Data segment:
◆ ◆ ◆ ◆ ◆
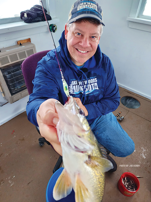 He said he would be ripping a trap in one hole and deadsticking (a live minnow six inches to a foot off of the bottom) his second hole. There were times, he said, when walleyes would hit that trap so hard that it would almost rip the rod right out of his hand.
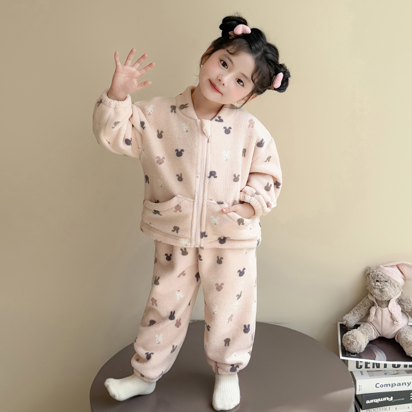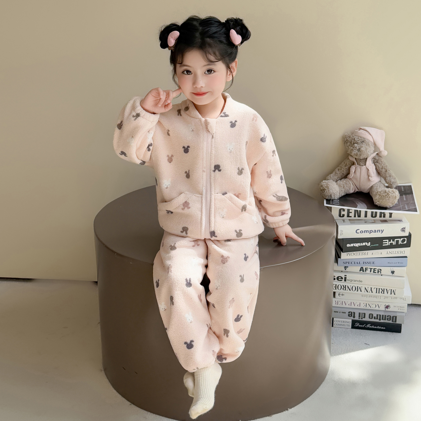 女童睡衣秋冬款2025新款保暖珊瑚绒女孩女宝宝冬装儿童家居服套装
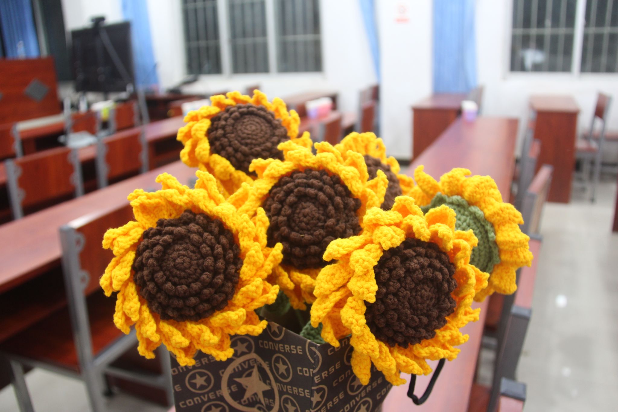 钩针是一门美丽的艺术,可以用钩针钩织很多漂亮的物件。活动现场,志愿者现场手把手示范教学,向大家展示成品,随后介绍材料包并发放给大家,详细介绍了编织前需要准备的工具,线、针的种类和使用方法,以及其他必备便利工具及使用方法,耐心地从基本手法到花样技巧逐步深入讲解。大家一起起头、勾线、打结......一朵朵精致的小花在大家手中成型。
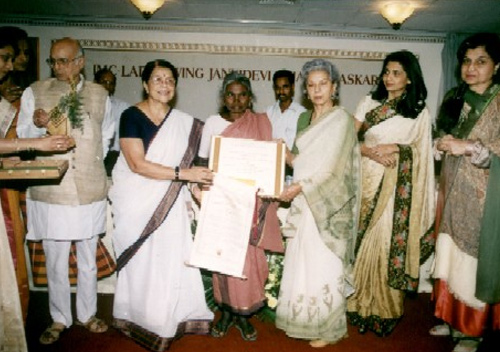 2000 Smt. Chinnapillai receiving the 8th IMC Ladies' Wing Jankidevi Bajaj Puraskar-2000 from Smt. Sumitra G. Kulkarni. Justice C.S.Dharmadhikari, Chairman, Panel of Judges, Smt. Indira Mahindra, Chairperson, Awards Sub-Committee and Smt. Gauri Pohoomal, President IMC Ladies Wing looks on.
◆ ◆ ◆ ◆ ◆
About this exercise:
Without the pictures, transcribe exactly the lines above from the one containing "钩针是一门美丽的艺术,可以用" through the last.

Task output:
 钩针是一门美丽的艺术,可以用钩针钩织很多漂亮的物件。活动现场,志愿者现场手把手示范教学,向大家展示成品,随后介绍材料包并发放给大家,详细介绍了编织前需要准备的工具,线、针的种类和使用方法,以及其他必备便利工具及使用方法,耐心地从基本手法到花样技巧逐步深入讲解。大家一起起头、勾线、打结......一朵朵精致的小花在大家手中成型。
 2000 Smt. Chinnapillai receiving the 8th IMC Ladies' Wing Jankidevi Bajaj Puraskar-2000 from Smt. Sumitra G. Kulkarni. Justice C.S.Dharmadhikari, Chairman, Panel of Judges, Smt. Indira Mahindra, Chairperson, Awards Sub-Committee and Smt. Gauri Pohoomal, President IMC Ladies Wing looks on.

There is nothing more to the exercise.